Vietnamese coffee prices hit over five-year high

22 Jan, 2017

Solid hikes in global futures coffee contracts have pulled up prices in Vietnam, the world's biggest robusta producer, to their highest since September 2011, traders said on Thursday. Traders said robusta coffee prices in Vietnam rose to between 47.2 million and 47.3 million dong ($2,092-$2,093) a tonne on Thursday, reflecting a record high in the March ICE futures contract in London.
"Farmers have released quite a lot of beans while exports orders are somewhat solid as buyers and sellers offers have met," said Phan Hung Anh, deputy director of Anh Minh Company in Daklak, the country's top coffee growing province. Vietnamese exporters quoted robusta grade 2, 5 percent black and broken at discounts of $60-$70 a tonne to the London contract, narrowing from a discount of $80-$85 a tonne earlier this week.
But some traders fear future domestic coffee could be too costly for exporters to buy from farmers if the London price continues to increase. "Exporters can only sell when we are able to buy beans from farmers," said another trader in Vietnam. "Importers have already asked for cheaper prices as higher London prices push up their interest loans costs as well."

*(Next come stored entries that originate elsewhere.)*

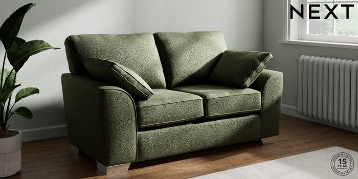 7.2.10 Stamford 2 Seater Small Sofa Boucle Chenille Dark Moss Green Large Square Angle - Chrome Metal | Made Click here to use our website with more accessibility support, for example screen readers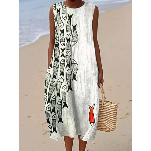 Per donna Abito Midi Vestito Estivo Abito a Tubino Abito a trapezio Vacanza Casual Boho Spiaggia Uscire Vestibilità comoda Grafico Animale Senza Maniche Girocollo Blu Nero Azzurro cielo Blu scuro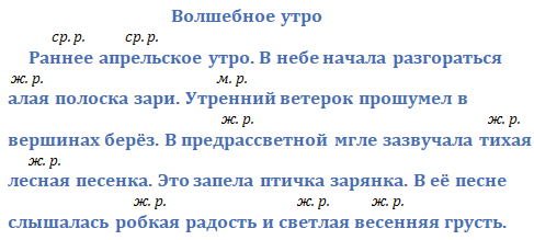 Ранн... апрельск... утро. В небе начала разгораться ал... полоска зари3. Утренн... в..т..рок пр..шумел в в..рш..нах берёз. В пр..драссветной мгле з..звучала тих... лесн... песенка. Это з..пела птичка зарянка. В её песне слышалась робк... радость и светл... весенн... грусть.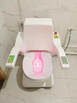 激光坐浴机采用了坐便盆式的外形设计,能够改善传统中药坐浴的不便性,尤其是对年长、关节活动欠佳的患者,其周围有扶手设计,给患者带来较大的舒适度。激光坐浴机的恒温设计,能够弥补传统坐浴时间长时温度下降的不足,其温度控制在43℃,可避免因温度过高引起烫伤,温度过低可能会影响疗效。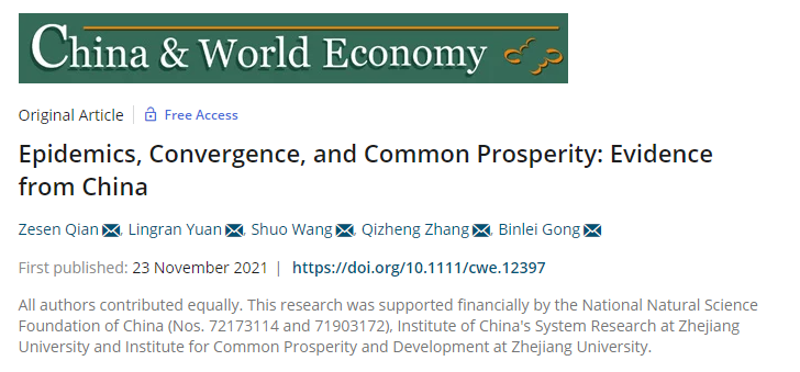 近日,READ团队钱泽森(第一作者)、袁菱苒、王硕、张启正、龚斌磊(通讯作者)撰写的论文“Epidemics, Convergence and Common Prosperity: Evidence from China(传染病、收敛与共同富裕)”发表于经济学SSCI期刊China & World Economy(《中国与世界经济》)。
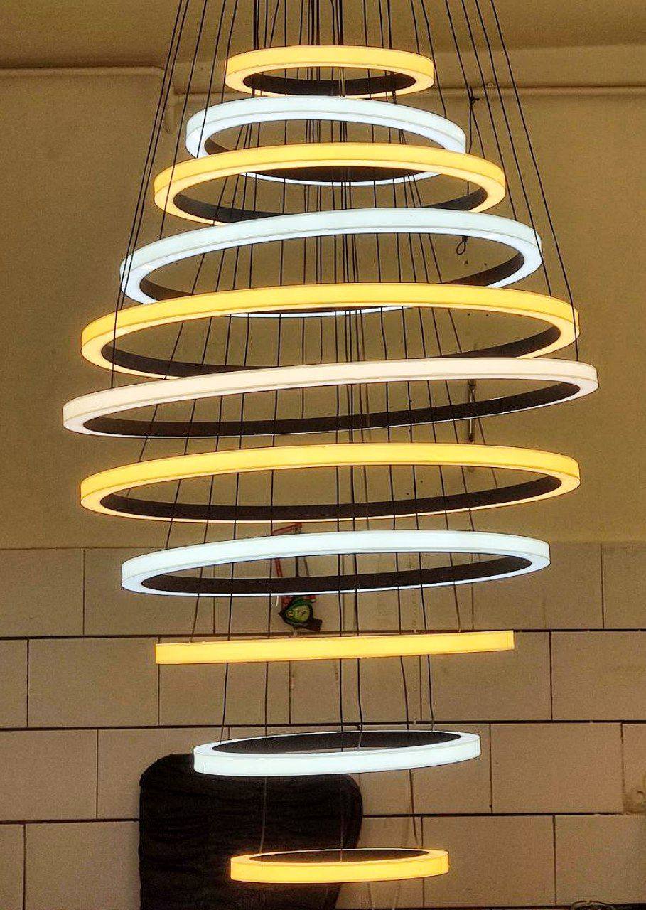 لوستر مدل حلقه ای مدرن که از حلقه هایی که از جنس آلومینیوم هستند استفاده شده است و تعداد حلقه ها طبق سفارش شما قابل تغییر میباشد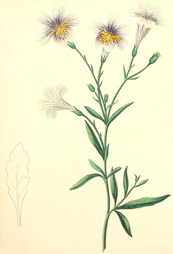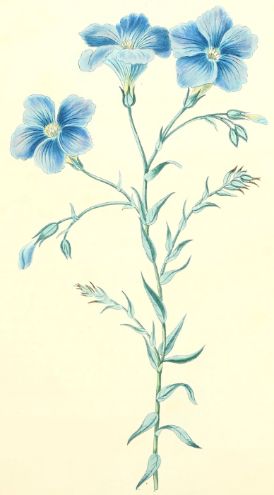 This is perhaps the finest and most beautiful species of Linum, and bears the largest flowers of any of the hardy kinds. It is a very desirable garden plant, continuing long in bloom, and forming a pleasing variety from its glaucous foilage. It is a native of Spain, Italy, and the south of France, and was introduced into this country about the year 1759; though we are not aware that any figure of it has before been given. This species may be raised from seed, which is produced in abundance; if sown in light rich soil, and protected through the winter, the young plants will flower the following summer, and attain the height of eighteen inches or two feet when in perfection. It is very hardy—this genus does not afford many ornamental species for a flower garden, the most desirable are,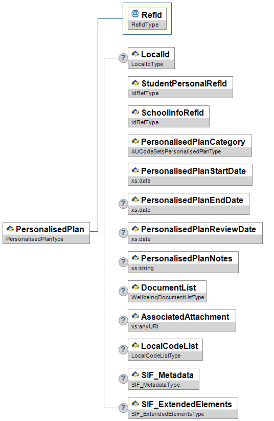 @![]() | RefId | M | High | The ID (GUID) assigned to uniquely identify this PersonalisedPlan. | RefIdType |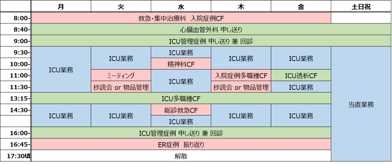 - ICU多職種CF:多職種(看護師、薬剤師、栄養士、理学療法士、臨床工学技士)とのカンファレンス。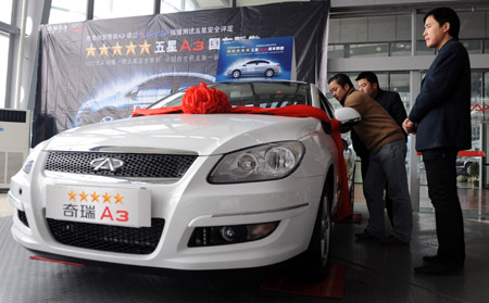 1月20日,几位顾客在安徽合肥一家奇瑞汽车4S店观看一辆两厢奇瑞A3轿车。本报记者:陈晔华 摄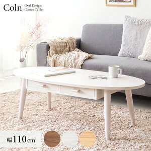 木目が美しい天然木の突板を使用した天板と、 両側から取り出せる引き出しが特徴のオーバル型センターテーブル『Coln(コルン)』。 幅110cmと、ノートパソコンや本を広げられる広々としたワイドな天板。 収納力のある引き出しにはリモコ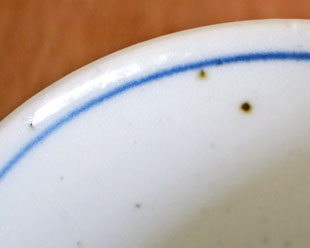 | 色・特徴 | やや青みがかった荒土の白磁 表面に大小の鉄点 藍色の染付 窯出し時期などによって多少の違いがございます |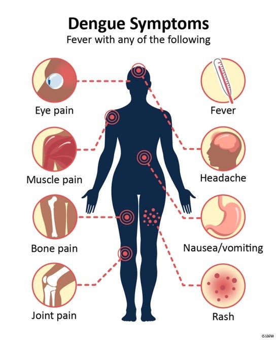 - Symptoms include fever, headache, muscle, and joint pain, and a characteristic skin rash that is similar to measles. There is a drop in platelets.

Vietnam, the world's top robusta producer, exported 1.78 million tonnes (29.7 million 60-kg bags) of coffee in 2016, up 32.8 percent from a year earlier, Vietnam Customs said this week. In Indonesia, Vietnam's major rival, one trader quoted premiums of robusta grade 4, 80 defects at $20 to the March contract, slightly widening from a week earlier, while another trader priced a discount of $20 to the January contract.